Lululemon Would Need A Fire Christmas Sale To Get Rid Of $1.7 Billion Merchandise
Luxury retailers like Lululemon are beginning to feel the pain of inflation, which has been squeezing the budgets of American families, leaving little room for luxuries and amenities.
For years, Lululemon has been growing by leaps and bounds, shaking off the challenges that came on its way, including the pandemic recession. And it continued to grow in the third quarter of 2022, with sales up 28%.
Senior management cheered the strong demand for the brand.
"In the third quarter, we continued to deliver strong and balanced results across the business, demonstrating the significant potential for our brand," said CEO Calvin McDonald in a statement accompanying the release of financial results.
McDonald credited the ongoing sales momentum to the "innovative products, deep community relationships, and the hard work and dedication of our talented teams around the world."
Moreover, he expressed his satisfaction with the early holiday season performance and his confidence as the company continues to execute the "Power of Three ×2" growth plan.
"We are proud to have delivered another quarter of strong sales and earnings growth, despite an operating environment that remains dynamic," said chief financial officer Meghan Frank. "These results illustrate the strength and differentiation of our omni operating model and position us well to deliver ongoing value for our stakeholders."
But shareholders weren't terribly happy with Lululemon's financial results.

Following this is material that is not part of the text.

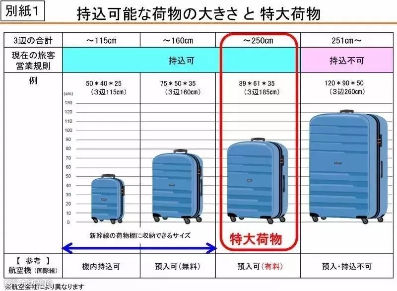 从2020年5月起,携带大件行李乘坐新干线没有提前预约的话,需要额外支付1000日元(约67元)的“行李税”。所谓大件行李是长宽高三边长度总和大于160cm(28寸)且不超过250mm的行李箱,251cm及以上的行李箱是不可携带上新干线的。

The company's price of shares on Friday declined by 13%.
What's troubling stockholders is that sales for the quarter didn't grow as fast as management expected, leaving $1.7 billion on the shelves, almost twice as much as the third quarter of 2021. And that could be a significant financial burden in the future.
Shoppers weren't as thrilled to pay the premium price for the company's merchandise, as inflation remains elevated at multi-year high and personal debt is soaring. In addition, with many companies announcing hiring freezes and lay-offs, some shoppers might have thought twice before heading for the cash register or clicking the buy button on the company's site.
Then there's the possibility that Lululemon's customers have joined the chorus of shoppers who have been trading down, substituting more expensive brand-name products for less costly no-brand name products.
This new economic reality leaves Lululemon with one option: join other luxury merchants and hold a fire sale to eliminate the excess inventories.
"It's only natural that luxury athletic gear takes a hit," said Ben Waterman, co-founder, and COO at Strabo, a global portfolio tracker. "They will be keen to sell the extra come Christmas time, and the stock may well bounce back in as little as a week."
Stephan Schambach, founder and CEO of Boston-based retail tech company NewStore, thinks Wall Street overreacted to Lululemon's inventory problem.
"Excess inventory can force retailers to offer steep discounts to clear their shelves, so it isn't hard to understand why the market would get spooked by this," Schambach said.